- FTX, the bankrupt cryptocurrency exchange, is seeking $323.5 million in compensation from the former owners of FTX Europe.
- FTX claims that the Swiss company Digital Assets AG (DAAG), which was acquired and transformed into FTX Europe in 2022, has no economic value and therefore cannot be sold.
- FTX alleges that the $323.5 million used to acquire DAAG should be refunded.
FTX, the bankrupt cryptocurrency exchange, is demanding $323.5 million in compensation from the former owners of FTX Europe, according to a hearing held on July 12 in the Delaware Bankruptcy Court. FTX argues that the Swiss company Digital Assets AG (DAAG), which was acquired and rebranded as FTX Europe in 2022, has no economic value and therefore cannot be sold. FTX claims that the $323.5 million used to acquire DAAG should be refunded.
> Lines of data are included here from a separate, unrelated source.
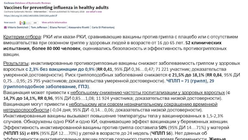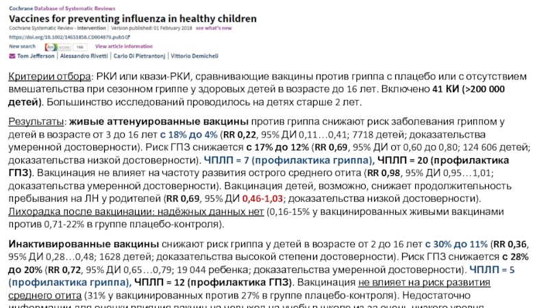 Слайд 2Критерии отбора: РКИ или квази-РКИ, сравнивающие вакцины против гриппа с
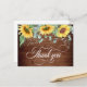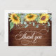 Elegant Sunflowers Rustic Wood Wedding Thank You Postcard
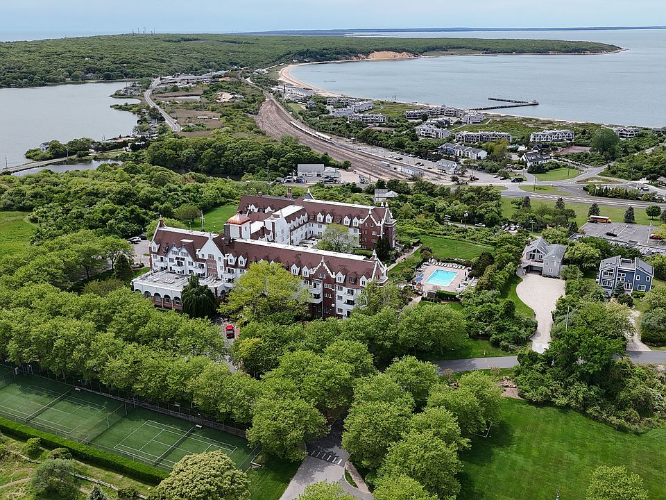 Welcome to 236 Edgemere Street, unit 421, a stunning oversized one-bedroom condo in the heart of Montauk. This residence offers breathtaking water views of Fort Pond Bay and the ocean, providing a tranquil retreat. The condo is part of Montauk Manor, a vibrant community that is open year-round.The condo boasts a newly renovated indoor pool, complete with lockers, showers, a jacuzzi, and a sauna. For those who enjoy the outdoors, a heated pool overlooking the serene bay is a perfect spot to unwind and take in the picturesque sunsets. Active lifestyle enthusiasts will appreciate the three tennis courts and pickleball area.The grand lobby, with its cozy fireplace, serves as a warm and inviting space for socializing or enjoying a quiet moment. Monte's Italian Restaurant, located on-site, offers breakfast, lunch, and dinner all year round, with the option of outdoor seating to enjoy the scenic surroundings.This pet-friendly complex also offers a shuttle service to your favorite Montauk locations, and hosts barbeques and outdoor activities for a lively community spirit. Experience the best of Montauk living at this beautiful condo.
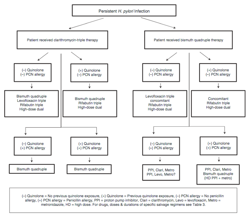 - Chey WD, Leontiadis GI, Howden CW, Moss SF. ACG Clinical Guideline: Treatment of Helicobacter pylori Infection. The American journal of gastroenterology. 2017; 112(2):212-239. [pubmed]
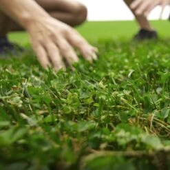 Anthemis nobilis (Roman Chamomile), Bellis perennis (English Daisy), Chrysanthemum multicaule (Daisy), Chrysanthemum paludosum (Creeping Daisy), Eschscholzia caespitosa(Dwarf California Poppy), Festuca ovina (Sheep Fescue), Lobularia maritima (Sweet Alyssum), Nemophila maculata (Five Spot), Nemophila menziesii (Baby Eyes), Saponaria ocymoides (Soapwort), Thymus serphyllum (Creeping Thyme), Trifolium fragiferum(Strawberry Clover), and Viola cornuta (Johnny Jump-Up)
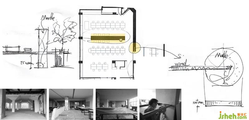 保留原建筑的大面積落地玻璃窗,把廣州珠江景色融入空間,外部光線通過落地窗照進室內(nèi)從而達到室內(nèi)光效氛圍,減少室內(nèi)過多人造光源。設(shè)計師刻意模糊了區(qū)域功能性,將空間至于一個看似僅為一個辦公空間,卻包含了辦公、休閑窗邊閱讀、小型討論、材料收納等到辦公日常所需功能,同時開放式的辦公方式解除了部門與部門之間的隔閡,減少溝通成本。
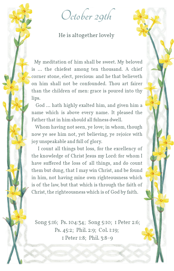 Daily Light October 29th Morning Reading Evening Reading Share this: Share on X (Opens in new window) X Share on Facebook (Opens in new window) Facebook Share on Pinterest (Opens in new window) Pinterest Like Loading...
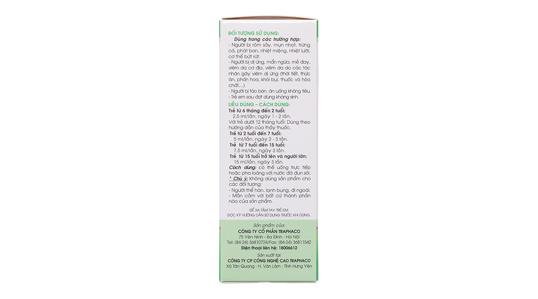 - Trẻ từ 6 tháng đến 2 tuổi: 2,5 ml/lần, ngày 1 – 2 lần. Với trẻ dưới 12 tháng tuổi: Dùng theo hướng dẫn của thầy thuốc.
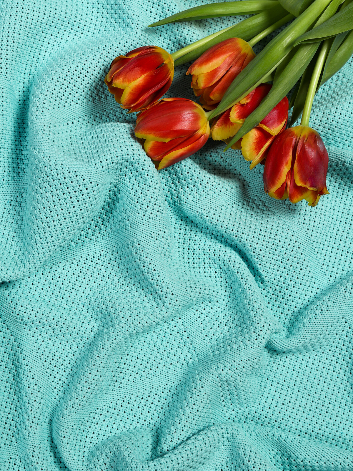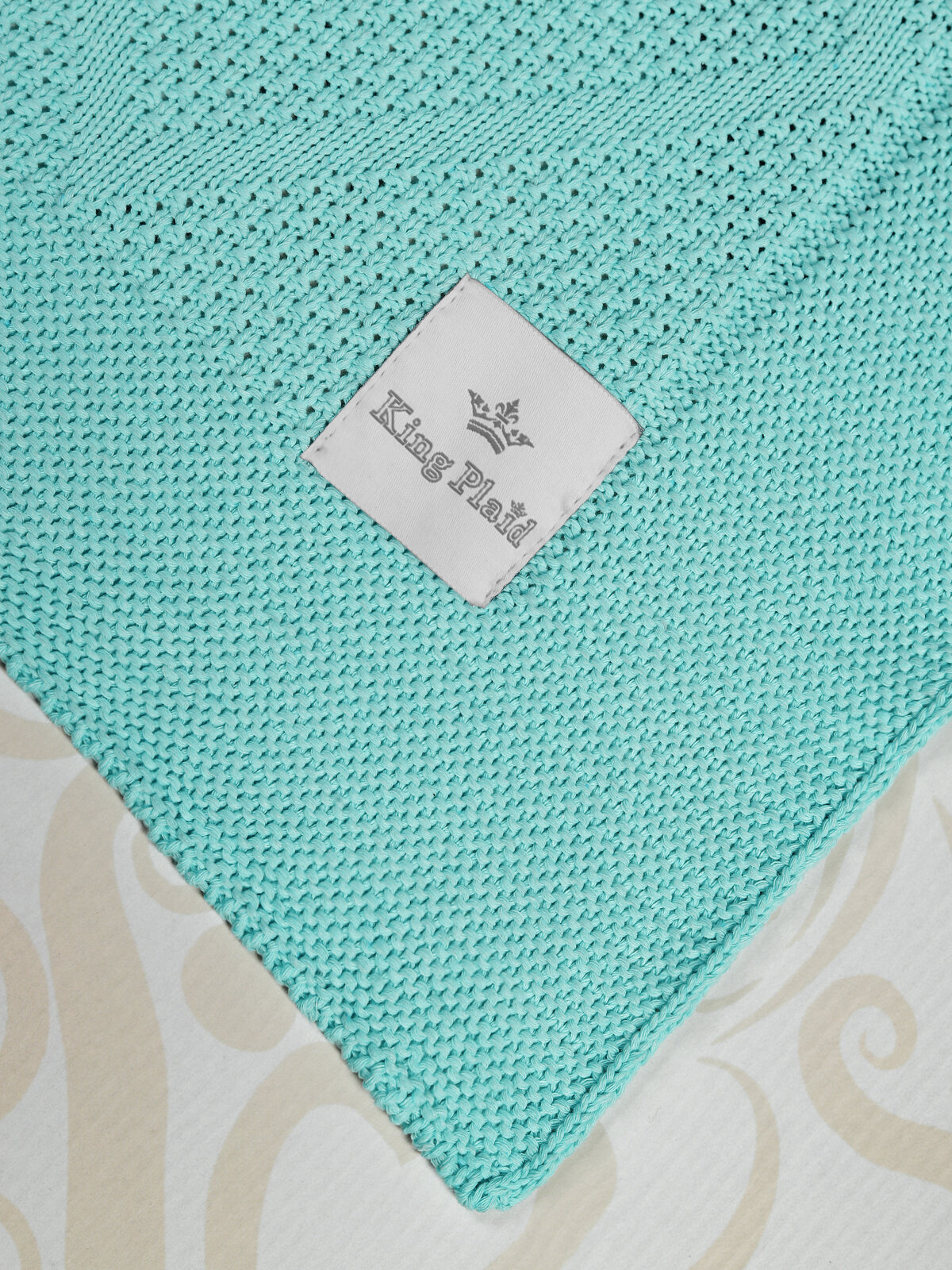 Купить Плед 180х220, вязаный, KING PLAID, бирюзовый, хлопок, покрывало на кровать, на диван, на кресло, в подарочной сумке

FTX’s Claim for Compensation
FTX’s lawyers argue that DAAG is a small company with no intellectual property beyond its business plan. They claim that the acquisition of DAAG was carried out to obtain an operating license in Europe for FTX and to benefit the founders of DAAG, Brandon William and Robin Matzke.
Acquisition and Payment
According to the information provided, the Swiss company purchased the financial services company K-DNA in South Cyprus for $2.2 million to assist FTX Europe in obtaining a license. While FTX obtained the necessary license in Europe through this transaction, they also made a $100 million bonus payment to DAAG.
FTX’s Demands and Lawsuit
FTX holds the founders of DAAG and the managers of FTX Europe responsible for the compensation claim. The total value of the acquisition agreement is stated to be over $376 million, with $52.5 million yet to be paid. FTX is requesting the court to order the repayment of the $323.5 million and interest as compensation from Patrick Gruhn, Brandon William, Robin Matzke, and other defendants. FTX also seeks to halt the payment of the remaining $52.5 million. The Swiss Court has previously approved the investigation of this sale.
Last week, FTX filed a $700 million lawsuit against several defendants, including former US Secretary of State Hillary Clinton’s former deputy and investment firm K5 Global.